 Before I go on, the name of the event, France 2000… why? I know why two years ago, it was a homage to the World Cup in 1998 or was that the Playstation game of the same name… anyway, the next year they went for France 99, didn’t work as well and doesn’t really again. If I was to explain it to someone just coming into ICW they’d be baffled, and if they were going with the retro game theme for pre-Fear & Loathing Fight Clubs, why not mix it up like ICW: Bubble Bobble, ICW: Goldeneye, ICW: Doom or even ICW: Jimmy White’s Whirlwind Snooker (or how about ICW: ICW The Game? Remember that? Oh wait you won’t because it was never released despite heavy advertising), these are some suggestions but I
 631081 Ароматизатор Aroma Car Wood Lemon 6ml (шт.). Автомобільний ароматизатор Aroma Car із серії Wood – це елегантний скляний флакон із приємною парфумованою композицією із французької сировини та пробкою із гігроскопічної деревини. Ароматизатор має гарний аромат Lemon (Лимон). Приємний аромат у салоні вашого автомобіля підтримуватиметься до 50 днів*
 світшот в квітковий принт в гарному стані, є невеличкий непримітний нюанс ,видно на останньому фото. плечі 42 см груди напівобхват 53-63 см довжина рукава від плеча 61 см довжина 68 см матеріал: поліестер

...

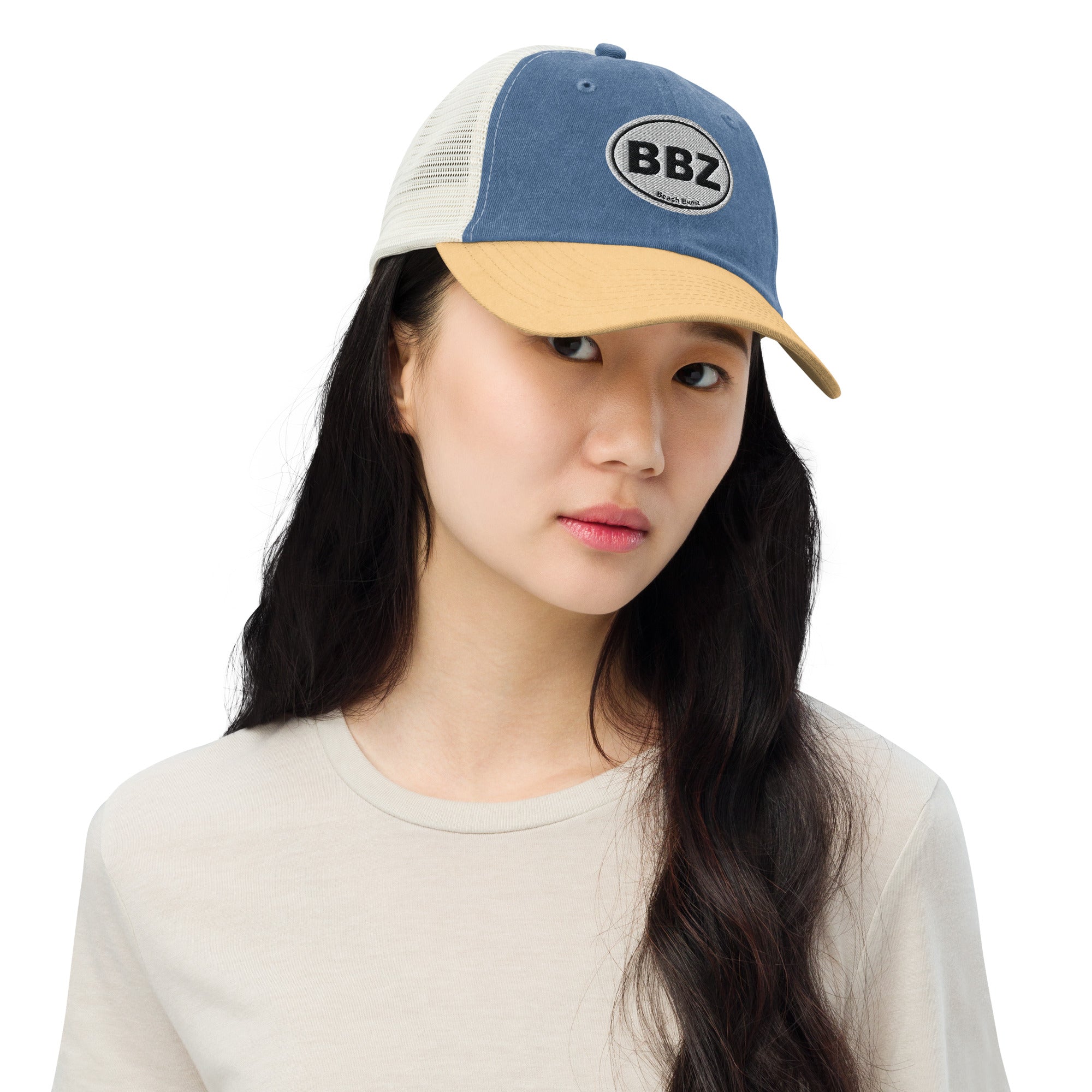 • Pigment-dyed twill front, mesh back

...

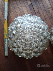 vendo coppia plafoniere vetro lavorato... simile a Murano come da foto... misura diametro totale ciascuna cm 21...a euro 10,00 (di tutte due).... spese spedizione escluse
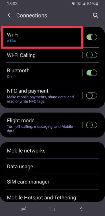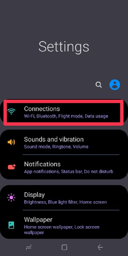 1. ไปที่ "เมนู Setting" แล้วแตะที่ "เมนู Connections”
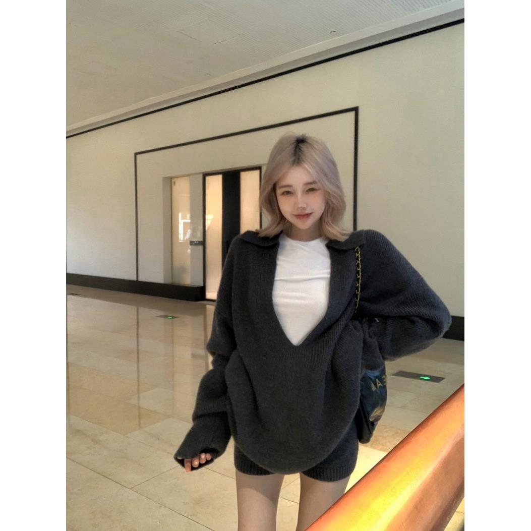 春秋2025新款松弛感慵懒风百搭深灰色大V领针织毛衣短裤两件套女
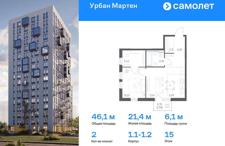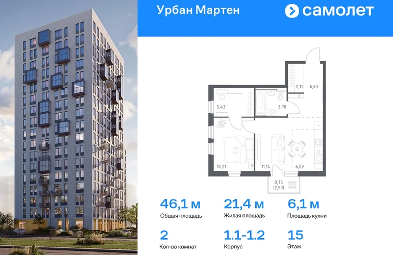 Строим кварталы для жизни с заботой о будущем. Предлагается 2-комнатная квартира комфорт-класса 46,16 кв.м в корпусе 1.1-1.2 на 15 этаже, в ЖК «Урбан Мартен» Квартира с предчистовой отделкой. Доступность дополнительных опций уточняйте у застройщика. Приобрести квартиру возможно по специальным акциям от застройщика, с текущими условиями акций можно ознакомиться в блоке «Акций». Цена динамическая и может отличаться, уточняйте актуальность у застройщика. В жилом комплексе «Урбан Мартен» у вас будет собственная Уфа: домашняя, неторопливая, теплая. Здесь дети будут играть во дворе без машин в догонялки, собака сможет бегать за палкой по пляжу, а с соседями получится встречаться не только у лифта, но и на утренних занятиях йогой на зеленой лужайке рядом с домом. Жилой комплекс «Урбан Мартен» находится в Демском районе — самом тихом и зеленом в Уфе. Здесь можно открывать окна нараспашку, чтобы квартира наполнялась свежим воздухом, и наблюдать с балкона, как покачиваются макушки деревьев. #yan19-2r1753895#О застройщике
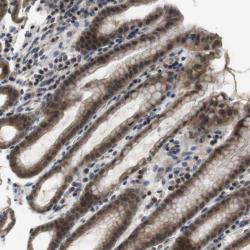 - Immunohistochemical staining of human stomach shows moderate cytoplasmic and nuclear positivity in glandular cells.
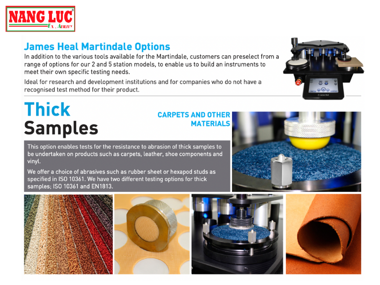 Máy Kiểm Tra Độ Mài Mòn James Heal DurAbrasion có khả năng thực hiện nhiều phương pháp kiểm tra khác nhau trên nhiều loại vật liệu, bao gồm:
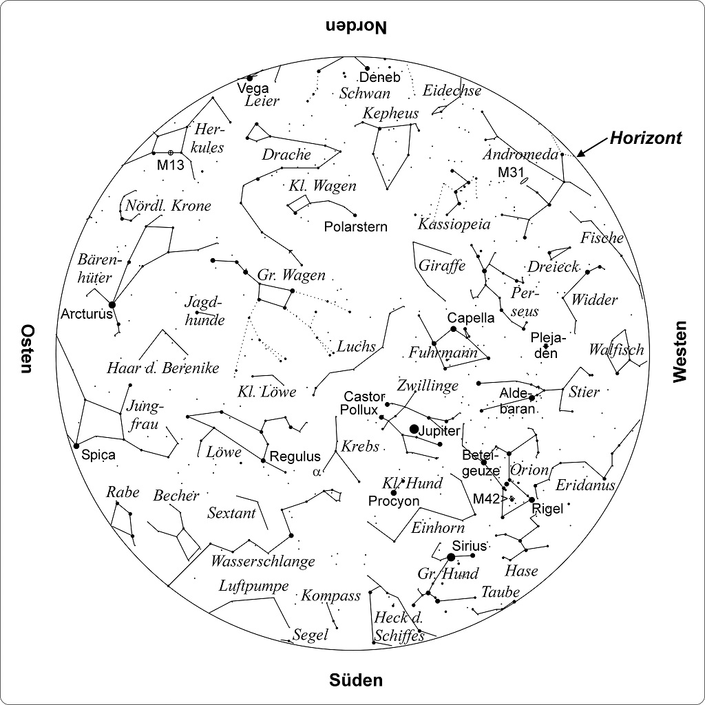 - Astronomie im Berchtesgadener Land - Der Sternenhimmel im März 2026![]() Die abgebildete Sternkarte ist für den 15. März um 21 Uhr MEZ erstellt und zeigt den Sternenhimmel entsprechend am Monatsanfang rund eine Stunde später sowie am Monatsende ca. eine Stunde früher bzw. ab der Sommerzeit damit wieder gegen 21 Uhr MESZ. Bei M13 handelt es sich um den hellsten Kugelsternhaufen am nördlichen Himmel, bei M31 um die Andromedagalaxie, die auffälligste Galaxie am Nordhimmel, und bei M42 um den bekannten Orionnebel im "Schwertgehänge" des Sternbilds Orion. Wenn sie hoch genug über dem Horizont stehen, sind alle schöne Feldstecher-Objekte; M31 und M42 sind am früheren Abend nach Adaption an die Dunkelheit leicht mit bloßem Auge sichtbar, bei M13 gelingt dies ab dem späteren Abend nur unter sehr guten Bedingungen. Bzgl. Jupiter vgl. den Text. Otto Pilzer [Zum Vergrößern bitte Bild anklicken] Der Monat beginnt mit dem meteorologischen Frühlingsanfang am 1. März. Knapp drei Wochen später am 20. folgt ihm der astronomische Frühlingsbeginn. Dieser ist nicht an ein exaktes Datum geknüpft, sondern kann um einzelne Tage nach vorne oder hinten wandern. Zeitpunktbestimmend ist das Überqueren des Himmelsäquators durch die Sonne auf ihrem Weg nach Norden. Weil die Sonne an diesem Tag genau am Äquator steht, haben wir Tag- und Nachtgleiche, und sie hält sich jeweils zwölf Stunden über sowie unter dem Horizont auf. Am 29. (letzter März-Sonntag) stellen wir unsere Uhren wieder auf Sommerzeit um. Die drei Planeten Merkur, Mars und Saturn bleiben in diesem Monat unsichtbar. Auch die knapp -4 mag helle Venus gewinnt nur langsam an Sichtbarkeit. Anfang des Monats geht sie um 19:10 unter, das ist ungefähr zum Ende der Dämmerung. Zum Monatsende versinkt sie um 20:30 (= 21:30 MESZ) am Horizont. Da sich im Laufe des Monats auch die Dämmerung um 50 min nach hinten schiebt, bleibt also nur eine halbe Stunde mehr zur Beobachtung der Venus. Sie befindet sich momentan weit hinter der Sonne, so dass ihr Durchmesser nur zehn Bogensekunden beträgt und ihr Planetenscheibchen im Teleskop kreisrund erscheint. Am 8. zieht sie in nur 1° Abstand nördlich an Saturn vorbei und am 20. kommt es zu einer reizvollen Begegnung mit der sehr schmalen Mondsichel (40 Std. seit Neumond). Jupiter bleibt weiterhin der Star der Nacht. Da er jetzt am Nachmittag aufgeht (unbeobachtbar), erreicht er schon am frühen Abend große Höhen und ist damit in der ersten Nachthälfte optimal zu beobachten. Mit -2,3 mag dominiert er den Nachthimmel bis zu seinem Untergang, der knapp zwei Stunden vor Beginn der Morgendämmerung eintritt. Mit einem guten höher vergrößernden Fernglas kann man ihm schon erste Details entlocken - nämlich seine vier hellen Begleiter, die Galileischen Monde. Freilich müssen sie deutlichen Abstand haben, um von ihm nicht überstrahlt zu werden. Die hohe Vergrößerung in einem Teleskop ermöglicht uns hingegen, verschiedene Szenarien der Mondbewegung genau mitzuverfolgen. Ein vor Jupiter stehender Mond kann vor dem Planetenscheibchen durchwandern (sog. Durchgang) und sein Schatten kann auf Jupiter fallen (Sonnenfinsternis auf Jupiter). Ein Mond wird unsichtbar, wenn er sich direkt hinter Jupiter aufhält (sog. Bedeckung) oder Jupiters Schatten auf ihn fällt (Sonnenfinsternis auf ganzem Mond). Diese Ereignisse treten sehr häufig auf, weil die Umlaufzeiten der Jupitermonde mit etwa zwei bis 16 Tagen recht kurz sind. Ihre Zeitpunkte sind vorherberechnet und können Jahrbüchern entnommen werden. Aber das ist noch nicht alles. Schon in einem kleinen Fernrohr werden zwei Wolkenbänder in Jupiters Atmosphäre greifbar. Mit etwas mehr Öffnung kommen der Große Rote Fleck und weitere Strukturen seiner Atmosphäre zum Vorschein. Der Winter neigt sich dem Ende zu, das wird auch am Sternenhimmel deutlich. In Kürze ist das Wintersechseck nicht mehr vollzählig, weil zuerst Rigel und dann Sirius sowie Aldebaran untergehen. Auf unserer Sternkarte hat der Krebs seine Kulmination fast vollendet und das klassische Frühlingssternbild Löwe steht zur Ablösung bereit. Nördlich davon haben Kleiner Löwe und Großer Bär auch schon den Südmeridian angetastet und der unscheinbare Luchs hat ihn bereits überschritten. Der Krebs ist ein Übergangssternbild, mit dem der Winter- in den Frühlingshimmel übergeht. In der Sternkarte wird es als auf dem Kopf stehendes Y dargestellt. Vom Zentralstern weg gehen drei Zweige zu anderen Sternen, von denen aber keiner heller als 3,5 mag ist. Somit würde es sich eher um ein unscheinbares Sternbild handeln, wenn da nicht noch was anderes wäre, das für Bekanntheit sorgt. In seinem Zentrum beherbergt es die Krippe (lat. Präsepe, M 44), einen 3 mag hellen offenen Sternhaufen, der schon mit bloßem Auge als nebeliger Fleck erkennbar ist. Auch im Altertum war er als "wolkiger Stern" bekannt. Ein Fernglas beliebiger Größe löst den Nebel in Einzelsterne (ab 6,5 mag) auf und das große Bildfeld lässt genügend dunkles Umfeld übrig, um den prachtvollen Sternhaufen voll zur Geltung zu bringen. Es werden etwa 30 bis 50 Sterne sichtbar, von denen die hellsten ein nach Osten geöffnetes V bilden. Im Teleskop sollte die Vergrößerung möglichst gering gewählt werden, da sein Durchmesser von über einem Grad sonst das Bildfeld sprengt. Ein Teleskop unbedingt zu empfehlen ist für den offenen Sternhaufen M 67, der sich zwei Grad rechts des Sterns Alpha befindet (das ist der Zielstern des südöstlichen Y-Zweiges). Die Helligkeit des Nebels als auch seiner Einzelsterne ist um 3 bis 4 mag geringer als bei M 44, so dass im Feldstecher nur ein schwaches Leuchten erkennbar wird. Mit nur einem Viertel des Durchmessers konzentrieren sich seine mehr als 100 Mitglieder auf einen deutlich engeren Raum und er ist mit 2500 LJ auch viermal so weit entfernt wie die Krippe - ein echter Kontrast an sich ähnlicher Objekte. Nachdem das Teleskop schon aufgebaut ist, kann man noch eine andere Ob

The task:
Give again, exactly as written above, each line from the one that has "vendo coppia plafoniere" to the one that has "春秋2025新款松弛感慵懒风百搭深灰色大V领针织毛衣短裤两件套女", both included; omit the pictures.

Task result:
 vendo coppia plafoniere vetro lavorato... simile a Murano come da foto... misura diametro totale ciascuna cm 21...a euro 10,00 (di tutte due).... spese spedizione escluse
 1. ไปที่ "เมนู Setting" แล้วแตะที่ "เมนู Connections”
 春秋2025新款松弛感慵懒风百搭深灰色大V领针织毛衣短裤两件套女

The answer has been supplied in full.